Como ontem, na Argentina, hoje, na Grécia e na Espanha são anunciados e já estão sendo implementados planos de duros ajustes fiscais, reformas trabalhistas, cortes e descontos salariais. A Grécia antecipa as primeiras respostas dos trabalhadores e do movimento de massas e na Espanha há uma tensa situação política, e o governo de Zapatero caiu aos níveis mais baixos de popularidade.
Isso se combina à crise no relacionamento entre a China e os EUA que teve origem na recusa da China de valorizar o yuan, um problema que dificulta as intenções dos EUA de aumentar a sua competitividade internacional e reduzir as importações. A resposta dos EUA é ofensiva, com a ameaça da Google de se retirar da China, a venda de armas para Taiwan (ilha que fazia parte da China e virou retiro das forças de contrarrevolução de Chiang Kai-Shek em 1949) e o encontro de Obama com o Dalai Lama (líder espiritual budista tibetano e atual líder do governo tibetano no exílio) contra a vontade do governo em Pequim. A localização da economia dos EUA combina um crescimento anualizado de 5,7% do PIB para o quarto trimestre de 2009 com o desemprego que se mantém em cerca de 10%, e uma profunda crise fiscal e da dívida, que empurram para baixo a popularidade de Obama e os recentes reveses do Partido Democrata, com a perda de cadeira parlamentar, como em Massachusetts que foi ocupada até pelo democrata Edward Kennedy até sua morte.
Esses três elementos são expressões dos limites da forma como o capitalismo impediu que a recessão fosse transformada em depressão, manifestando-se mais ou menos mediada na crise orçamentária e na dívida pública. Esta poderia ser a abertura de um novo ciclo de crise econômica global.

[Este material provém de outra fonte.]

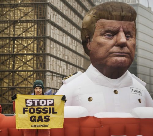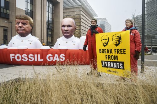Figuras hinchables de Trump y Putin contra la dependencia del gas de la UE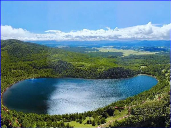 驼峰岭天池位于内蒙古阿尔山国家森林公园内,行政区域属内蒙古呼伦贝尔扎兰屯市,天池距兴安盟界700米,毗邻阿尔山市。海拔1228米,形成于距今约30万年前,湖面形似人脚,周围山峰形似驼峰,西南低洼处为其出水口,无入水口,以大气降水和泉水补给为主,景色奇美。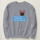 This funny frenchie sweatshirt features a cute brown and tan female french bulldog with a text message that reads "Sorry, I can’t, I have plans with my frenchie.” This cute sweatshirt is also available with different coloured french bulldogs in both male and female designs.

Impacto da transformação da dívida privada em dívida pública

Após a quebra do Lehman Brothers no final de 2008 e do estouro da bolha imobiliária que abriu a mais profunda recessão econômica mundial desde a crise dos anos 30, os estados capitalistas evitaram a depressão ao custo da conversão de dívida privada em dívida pública. Tanto nos EUA como nos países que constituem a União Européia e o Japão, os maiores bancos de investimento, seguradoras e bancos comerciais (e também empresas como a General Motors) evitaram a falência através da ajuda do Estado. Pacotes de estímulo fiscal e taxas de juro historicamente baixas foram os principais mecanismos para reanimar a demanda e o crédito. Evitando uma limpeza de capitais na magnitude que a crise exigia, conseguiu conter a atual economia deprimida, mas também mudou o problema para outro lugar, não conseguindo resolvê-lo em sua casa.
E, de fato, parte da crise foi transferida do setor privado para o setor público, ou seja, o Estado. Os déficits orçamentais e a elevada dívida pública, portanto, tornaram-se um espaço mais vulnerável da economia. O mercado de dívida pública sob a forma de ações, títulos e outros instrumentos financeiros funciona de forma semelhante a qualquer outro mercado de capitais especulativos e, dado que os ataques são direcionados para pontos críticos no sistema, pode-se dizer que "(...) os problemas nos mercados de dívida pública estão começando a se parecer perigosamente com ataques especulativos contra o setor financeiro de um ano e meio atrás” (El Pais, 4/02).
A intervenção dos estados para conter o curso da crise gerou, assim, um resultado de duas faces: contém a quebradeira dos negócios privados à custa de absorver a crise e incentivar a geração de uma nova bolha de dívida pública. O problema está em que, por um lado, a dívida pública constitui, como dizia Marx, o mais fictício de todos os capitais fictícios, já que carece de qualquer tipo de contrapartida real. Por outro lado, no primeiro ato o Estado agiu como avalista dos negócios capitalistas; num segundo ato, se os estados passam a ser o alvo, quem vai socorrê-los?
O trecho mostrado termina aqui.